Why It Matters
The Coast Guard received the largest single funding commitment in its history through the Trump administration's One Big Beautiful Bill Act, but a congressional hearing probed whether the service can actually spend the money as intended. The hearing also examines whether major operational reforms under Force Design 2028 are delivering results. The stakes are straightforward: reconciliation funding becomes meaningless if it is not met with strong regular appropriations, and Congress needs to verify the Coast Guard can execute on both fronts.
The Big Picture
The Coast Guard received approximately $25 billion through the One Big Beautiful Bill Act. The Transportation and Infrastructure Committee previously highlighted $21.2 billion as the reconciliation funding figure at a hearing on the Coast Guard Commandant nomination. That windfall comes with a critical condition: the Coast Guard must obligate 75% of the One Big Beautiful Bill funding by the end of fiscal year 2026, just months away.

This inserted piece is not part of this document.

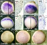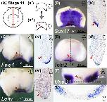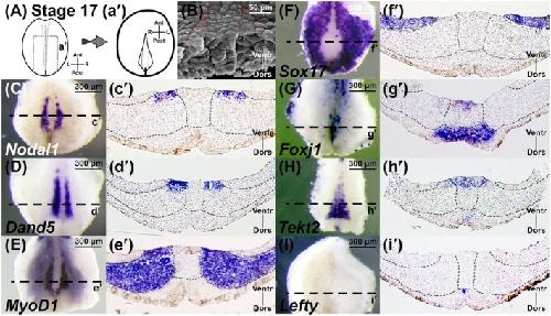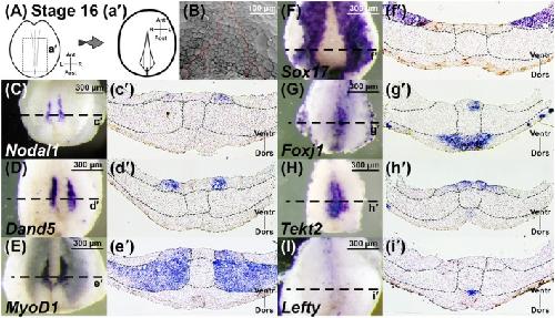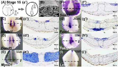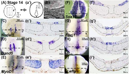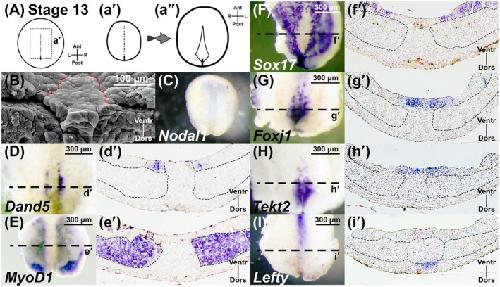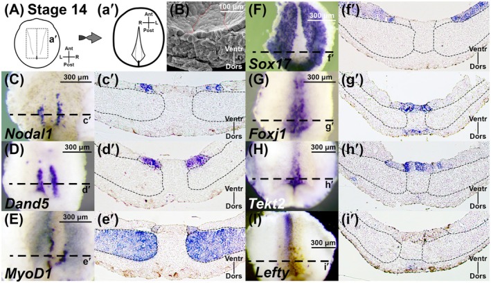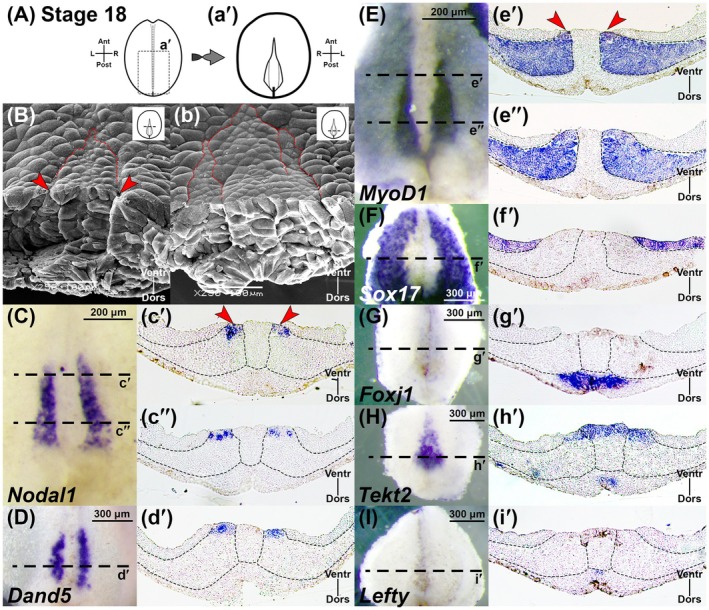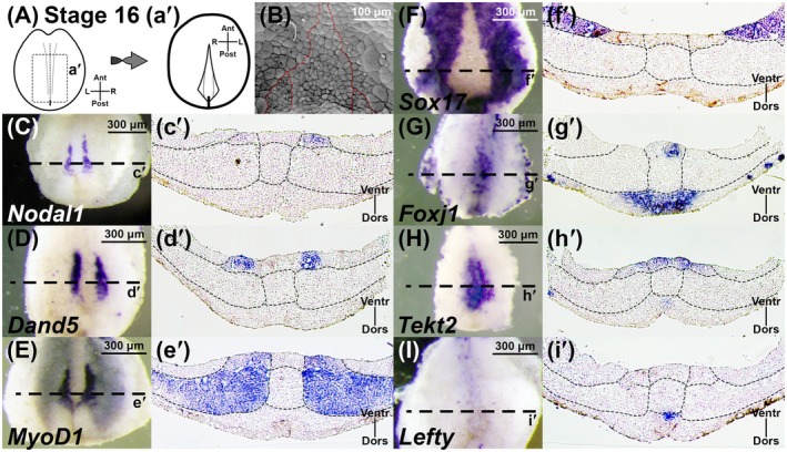 FIGURE 9. Molecular patterning at early neurula (stage 14). Specification of lateral cells in the GRP. (A) Scheme of whole‐mount embryo, dorsal side up. (a′) Scheme of dorsal explant, ventral side up. (B) Scanning electron microscopy image of GRP. (C, c′) Nodal1 expression emerges in the lateral cells of GRP. (D, d′) Dand5 expression in the lateral cells of GRP. (E, e′) MyoD1 expression marks the deep paraxial mesoderm and emerges in the lateral cells of GRP. (F, f′) Sox17 expression in the endoderm. (G, g′) Foxj1 expression marks the GRP in the archenteron roof and the neural plate. (H, h′) Tekt2 expression marks the GRP in the archenteron roof. (I, i′) Lefty expression in the neural floor plate. Ant, anterior; Dors, dorsal, L, left; Post, posterior; R, right; Ventr, ventral. Dorsal explants (C–I) are viewed from ventral side, transverse sections through the explants are cross (B, c′–i′). Dot lines indicate cell separation.

Meanwhile, the Coast Guard released a Force Design 2028 Initial Update in January 2026 detailing reforms implemented since January 2025. The update highlighted record-breaking drug seizures, rapid modernization, and significant workforce growth just ten months into the initiative. But structural challenges remain. The Coast Guard is experiencing ongoing recruitment and retention challenges that threaten to undermine both the funding surge and the reform agenda.
Lobbying and Industry Interests
Maritime industry players have been actively monitoring the Coast Guard Authorization Act of 2025 as it moved through Congress. Maritime Institute for Research and Industrial Development filed lobbying disclosures across quarter two, three, and four of 2025, each reporting $60,000 in activity regarding the Senate version of the authorization act. Cheniere Energy Inc. lobbied throughout 2025 and into early 2026 for language authorizing performance-based tank vessel inspections, spending $50,000 per quarter. NCL Corp. Ltd. focused on issues related to the operation of U.S.-flag cruise ships, spending $30,000 in quarter three 2025 and $10,000 in quarter four 2025. American Maritime Partnership spent $290,000 on lobbying in quarter two 2025 regarding the authorization act and amendments to the coastwise law.
The Bottom Line
The Subcommittee on Coast Guard and Maritime Transportation of the House Transportation and Infrastructure Committee is held a hearing titled "Taking Account: Implementation Of The Coast Guard Authorization Act Of 2025, Reconciliation, And Force Design 2028" yesterday, June 30.
Douglas Schofield, Chief of Staff of the United States Coast Guard, testified alongside Triana McNeil, Director of Homeland Security and Justice Programs at the U.S. Government Accountability Office (GAO). The GAO's presence signals Congress wants independent assessment of whether the service can absorb and deploy its historic funding while managing its workforce crisis.